Temple Emanu-El’s Kol Tzedek Speaker Series Presents:
One Time Only Livestream Event with
Isabel Wilkerson, Author of “Caste: The Origins of Our Discontents“
March 31, 2022
The 2022 Kol Tzedek presentation–to be delivered by Isabel Wilkerson, will draw from her most recent #1 New York Times Bestseller “Caste: The Origins of Our Discontents”, published in 2020. Based on her deep research into the history of caste systems, Wilkerson delves into our country’s treatment of Native Americans and African Americans as well as what the Nazis learned from studying America’s caste history and applied to their plan for elimination of the Jews. Given the rise in antisemitism and acts of hatred against other minorities, her topic is extremely relevant during these troubled times.
A Pulitzer Prize-winning bestselling author of “The Warmth of Other Suns”, Wilkerson has taught at Princeton, Emory and Boston universities and lectured at more than 200 other higher academic institutions in the United States, Europe and Asia.

Let us be inspired by righteous voices.
Isabel WIlkerson and Bryan Stevenson The Importance of Caste
More About Isabel Wilkerson:
Isabel Wilkerson, winner of the Pulitzer Prize and the National Humanities Medal, is the author of the critically acclaimed, New York Times bestsellers “The Warmth of Other Suns”, and “Caste: The Origins of Our Discontents”.
“Wilkerson’s work,” in the words of The American Prospect magazine, “is the missing puzzle piece of our country’s history.”

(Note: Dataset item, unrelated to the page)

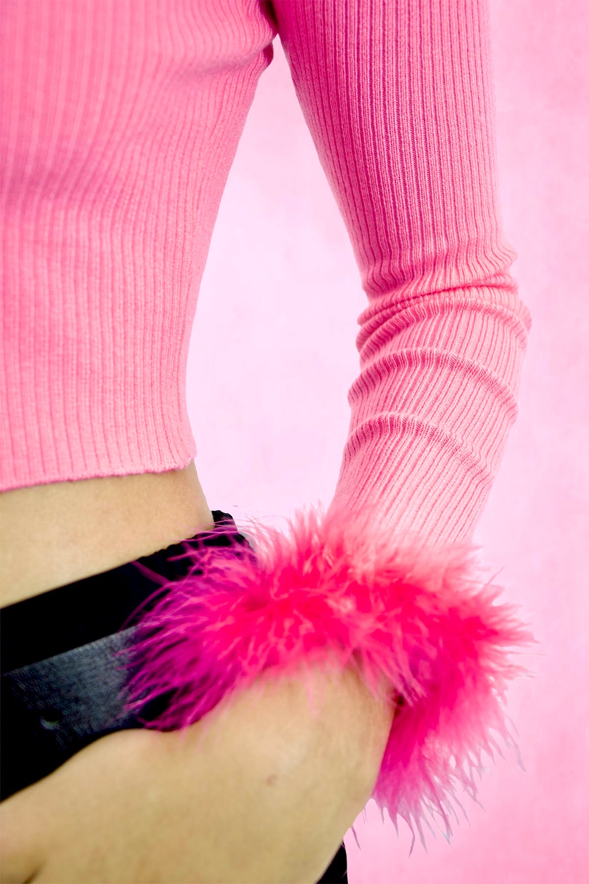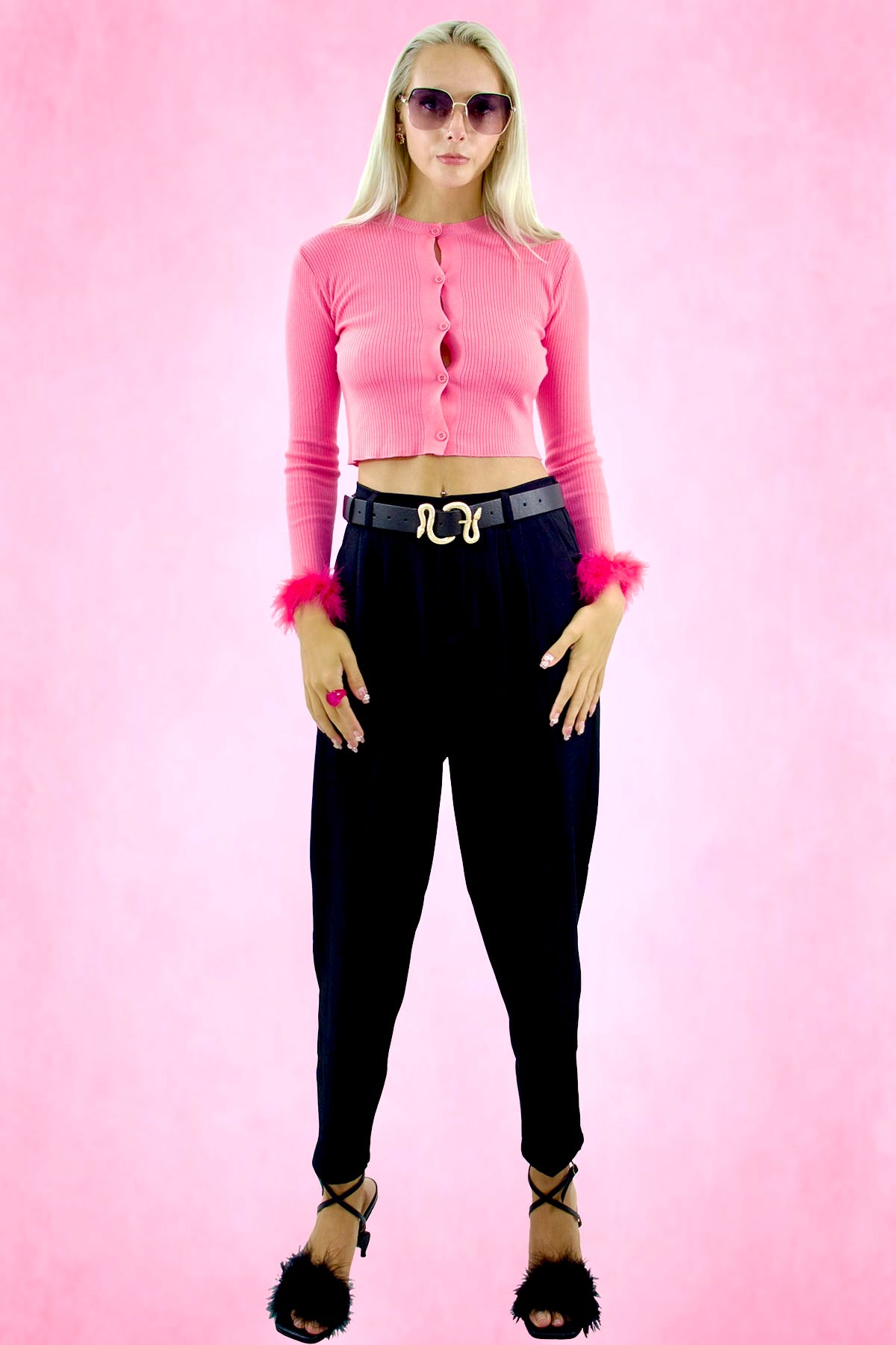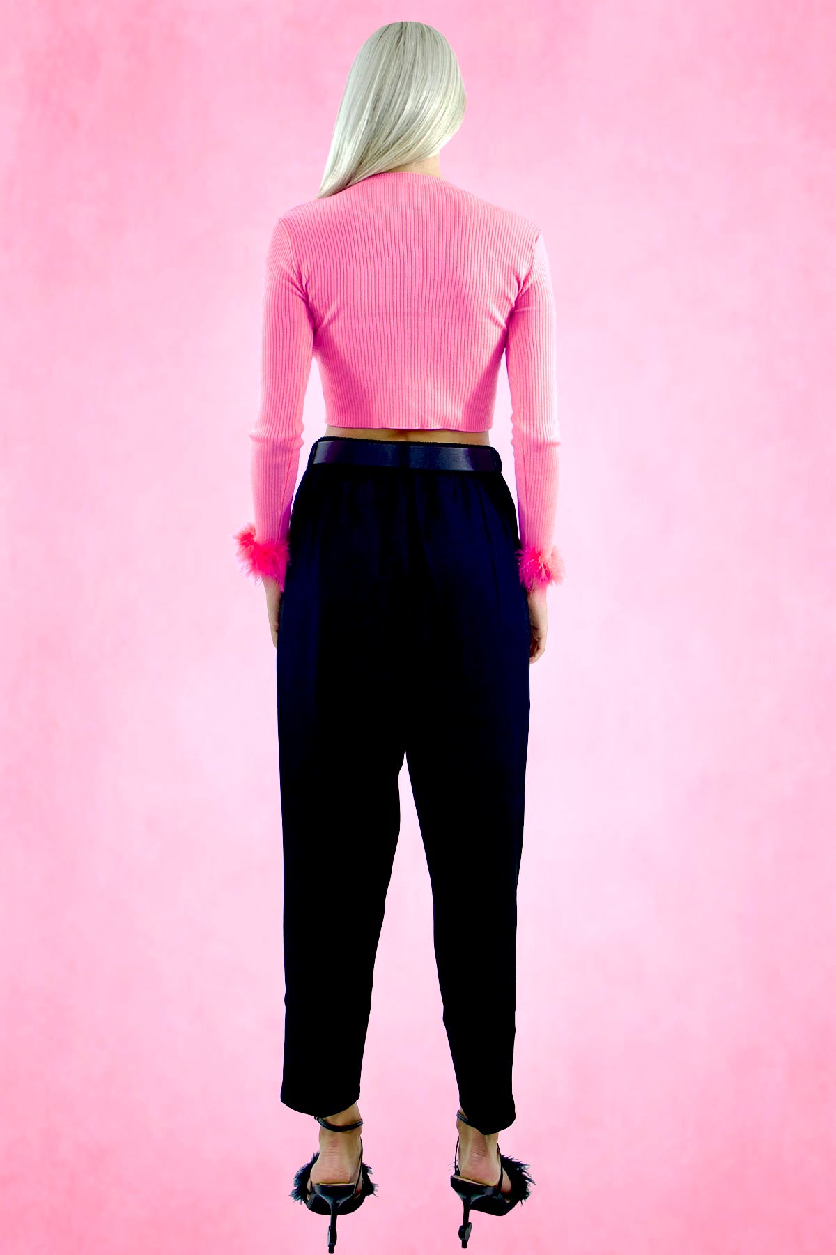 Mock neck ribbed knit crop cardigan. Feather trim on sleeves.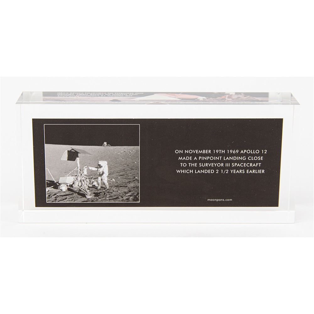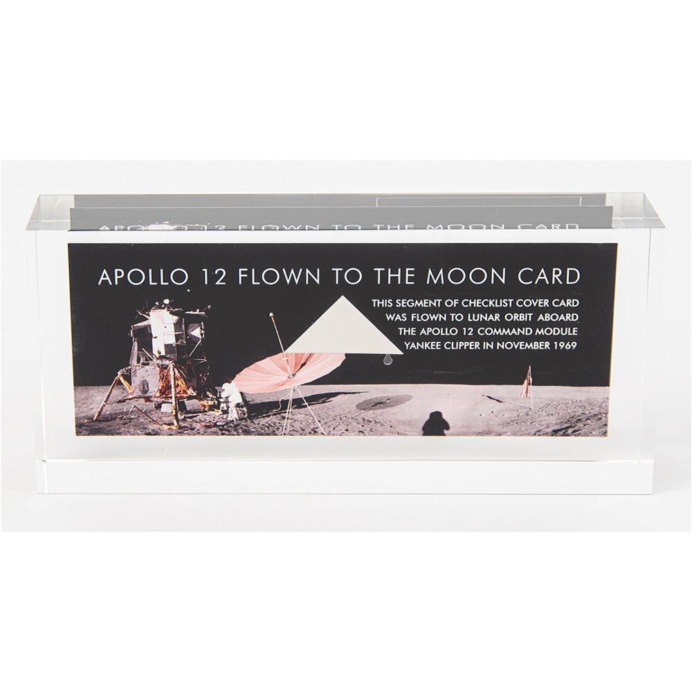 Limited edition acrylic display featuring a small triangular segment of checklist cover card flown into lunar orbit aboard the Apollo 1 Command Module 'Yankee Clipper' [attested to as flown by moonpans.com]. The segment measures about 1.25‰Û_ x .75‰Û_, and the acrylic block measures 7‰Û_ x 3.25‰Û_ x 1.5‰Û_. The segment dramatically floats in front of a panoramic image of Charles Conrad working at the foot of the Lunar Module at the Apollo 12 landing site. In fine condition. The acrylic display was produced by moonpans.com in an edition of only 140.

“The Warmth of Other Suns” won the National Book Critics Circle Award, among other honors, and was named to more than 30 Best of the Year lists, including The New York Times, the Los Angeles Times, The New Yorker and The Washington Post. TIME Magazine named it one of the “10 Best Non-Fiction Books” of the decade. The New York Times Magazine named Warmth to its list of the best nonfiction books of all time.
Her recent book, “Caste: The Origins of our Discontents”, was published in August 2020 to critical acclaim and became a Number 1 New York Times bestseller. Dwight Garner of The New York Times called it, “An instant American classic and almost certainly the keynote nonfiction book of the American century thus far.” Oprah Winfrey chose it as her 2020 Summer/Fall book club selection, declaring it “the most important book” she had ever selected.
Wilkerson won the Pulitzer Prize for her deeply humane narrative writing while serving as Chicago Bureau Chief of The New York Times in 1994, making her the first black woman in the history of American journalism to win a Pulitzer Prize and the first African American to win for individual reporting. In 2016, President Barack Obama awarded Wilkerson the National Humanities Medal for “championing the stories of an unsung history.”
As the historian Jill Lepore observed in The New Yorker: “What Wilkerson urges, isn’t argument at all; it’s compassion. Hush, and listen.”